Harry Lee (sheriff) - Background

Background

Lee died five days after returning from M.D. Anderson Cancer Center in Houston for his latest round of treatment for leukemia.

His death came less than three weeks before he hoped to win an eighth term in office. Lee had qualified to run in the October 20 primary against Harahan Police Chief Peter Dale and contractor Julio Castillo. State law requires qualifying to reopen if a candidate dies before the election is held.

Lee was re-elected regularly by huge margins even as he managed to become embroiled in controversy. Defying every notion of political good sense, he unabashedly - and often indelicately - took stands considered taboo by most politicians. His shoot-from-the-hip style often made his closest advisers cringe even as it endeared him to voters.

"I think people like me because I do a good job and because I tell it like it is", he once said. "If you ask me something, I'll give you an answer, straight up. People may not like it, but I'm not going to sugarcoat it."
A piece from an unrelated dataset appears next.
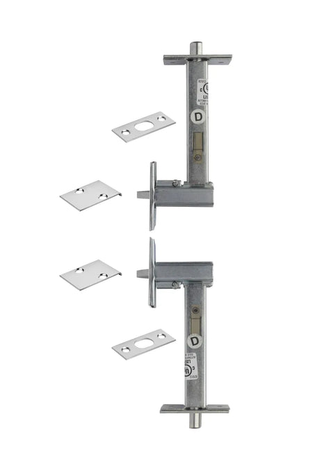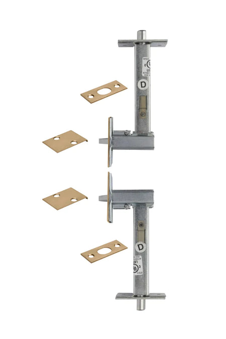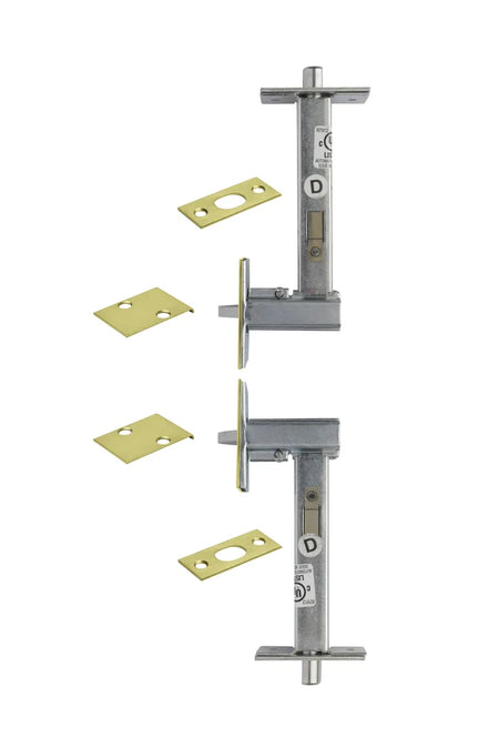 The durable, small profile 2962 Automatic Flush Bolt Set (top and bottom bolts) is for select fire rated wood core & composite doors. This easy-to-prep, non-handed set is fully automatic and features quiet and smooth activation, low closing force, and an override feature that prevents damage to doors or bolt if bolt head is blocked from entering strike.

One of Mr. Lee's most famous assaults on political sensibilities came in 1986 when he ordered his deputies, in the wake of a suburban crime spree, to stop black men for no reason other than driving "rinky-dink cars" in predominantly white neighborhoods. The order, later rescinded, prompted calls for his immediate resignation and landed him in the national news. Years later, he said he really didn't understand what all the fuss was about and blamed the news media for blowing his order - which he called "good police practice" - out of proportion.